J’ai un peu pitié de ce modèle d’IA. Les autres modèles s’entraînent sur du vrai contenu ; lui, il est socialisé avec le contenu le plus superficiel imaginable. Pauvre IA socialement maladroite.
Je ne vois pas pourquoi on entraînerait une IA avec ça. Même dans l’univers des réseaux sociaux, LinkedIn est déjà ce qui se rapproche le plus d’un contenu généré par machine ennuyeux et pénible à lire.
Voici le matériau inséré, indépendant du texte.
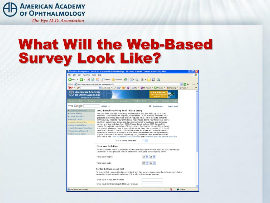 To Enroll in the Pilot • In order to join, go to the Academy Web site at http://www.aao.org/pilot_registration/ and log in • Fill out the information in the demographic forms and submit • Your designated data respondent will receive a confirmation with the benchmarking log in at the email you provide • We will issue you an invitation to fill out the survey in Summer 07 • If at any time you have questions or comments, please contact us at benchmarking@aao.org

Peu importe ce qu’on lui demandera, il se vantera de bien répondre, annoncera qu’il va avoir un bébé, et informera tout le monde qu’il a été licencié parce qu’il existe une meilleure IA. Il remerciera quelques personnes clés avec qui il a travaillé, dira qu’il est en réalité très enthousiaste d’avoir l’occasion de faire une pause dans les questions-réponses, et qu’il va consacrer plus de temps à son ancien hobby : vivre comme un CV en ligne.
Hier, en route pour un entretien, j’ai vu un chien affamé et je me suis arrêté pour lui donner à manger, ce qui m’a fait rater l’entretien. Le lendemain, j’ai été surpris de recevoir un appel me demandant de venir passer l’entretien ; j’y suis allé, et c’est ce chien qui est entré comme recruteur.
Un grand modèle de langage entraîné sur des posts LinkedIn pourrait au moins être utile pour la comédie. Son score de drôlerie involontaire serait sûrement énorme, et j’aimerais voir une conversation entre un modèle entraîné sur des posts LinkedIn et un modèle entraîné sur des posts X/Twitter.
Le subreddit /r/LinkedInLunatics/ va être submergé par les nouveaux contenus que ce monstre va produire.
L’IA va maintenant apprendre ce qu’un accident de la route tragique peut nous enseigner sur le leadership et le dropshipping.
On va bientôt se rendre compte qu’il faut un pré-prompt du genre : « Vous n’êtes ni humble ni honoré ».
Ou encore ce qu’on peut apprendre du fait que votre femme est partie avec le CEO. C’était peut-être la seule pépite qu’Instagram m’ait montrée dans mon fil, et je n’arrivais pas à croire que c’était réel.
Je ne perds jamais. Soit je gagne, soit j’apprends.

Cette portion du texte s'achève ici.